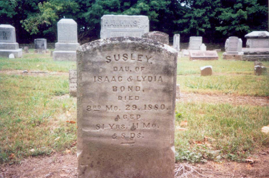 Susley Bond dau. of Isaac & Lydia Bond died 3rd Mo. 29, 1880 aged 81 years 11 months & 8 days |
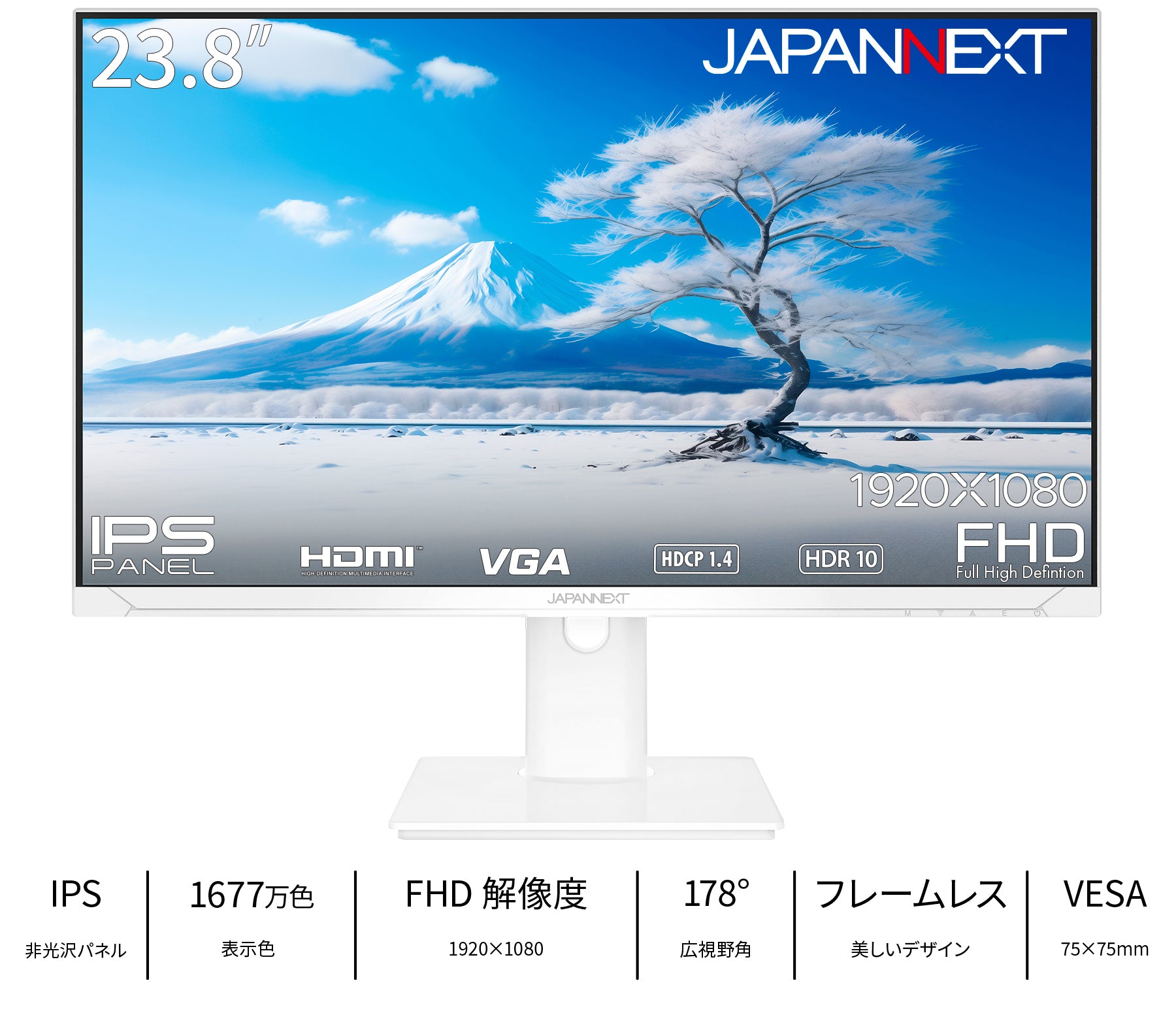 23.8インチのIPSパネルを搭載、使いやすいフルHD(1920x1080)解像度に対応し、本体にホワイトカラーを採用した液晶モニターです。
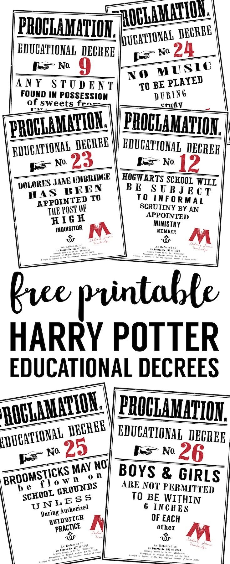 Harry Potter Educational Decrees free Printables Paper Trail Design
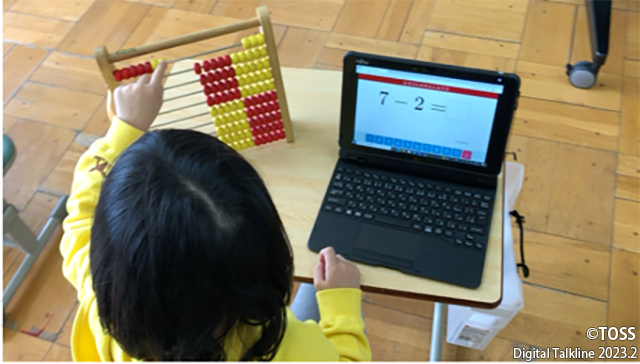 ⑭百玉そろばんと1人1台端末だけを机上に出させる
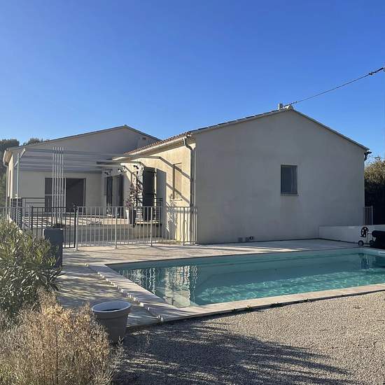St Saturnin les Apt, belle maison récente T5 de 185 m2 sur 1150 m2 de terrain avec piscine. L'habitation se compose d'une belle pièce de vie de 50 m2 avec cuisine ouverte et mezzanine, 4 chambres, 2 salle de bains, 2 wc, garage de 28m2. Bel espace piscine avec jolie vue dégagée plein sud. Excellent état pour cette maison tout confort non loin du village et de ses commerces. Belle opportunité!
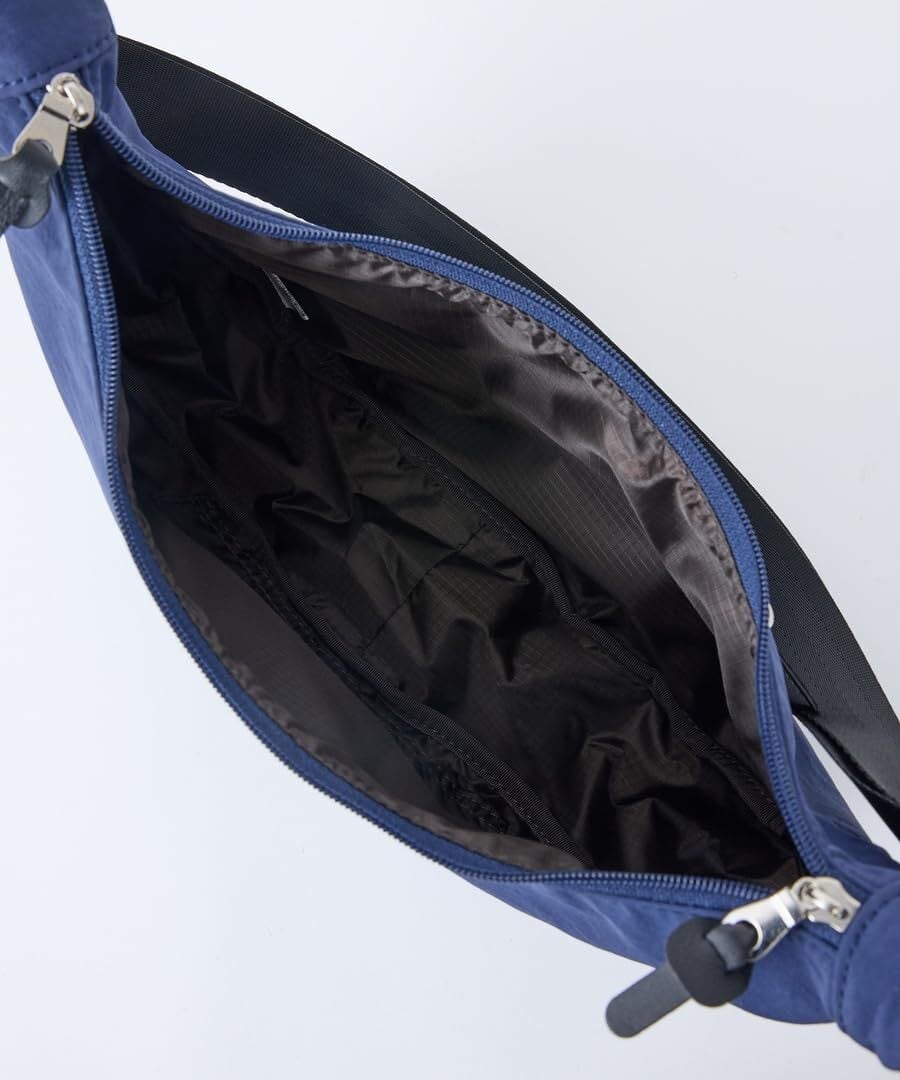 洗いシワのようなヴィンテージ感のある風合いが特徴の生地を使用。風合いを活かすためバッグのデザインは極力シンプルに。人気のバナナ型ショルダーは開口部が広く使い勝手◎外側背面にはファスナーポケットが付いていて、スマホなどをさっと出し入れできます。

---+---

→ EXERCISE
Do not include the pictures. Quote only the lines from the line with "Harry Potter Educational" through the end of the material, both ends included, exactly.

→ EXERCISE RESULT
 Harry Potter Educational Decrees free Printables Paper Trail Design
 ⑭百玉そろばんと1人1台端末だけを机上に出させる
St Saturnin les Apt, belle maison récente T5 de 185 m2 sur 1150 m2 de terrain avec piscine. L'habitation se compose d'une belle pièce de vie de 50 m2 avec cuisine ouverte et mezzanine, 4 chambres, 2 salle de bains, 2 wc, garage de 28m2. Bel espace piscine avec jolie vue dégagée plein sud. Excellent état pour cette maison tout confort non loin du village et de ses commerces. Belle opportunité!
 洗いシワのようなヴィンテージ感のある風合いが特徴の生地を使用。風合いを活かすためバッグのデザインは極力シンプルに。人気のバナナ型ショルダーは開口部が広く使い勝手◎外側背面にはファスナーポケットが付いていて、スマホなどをさっと出し入れできます。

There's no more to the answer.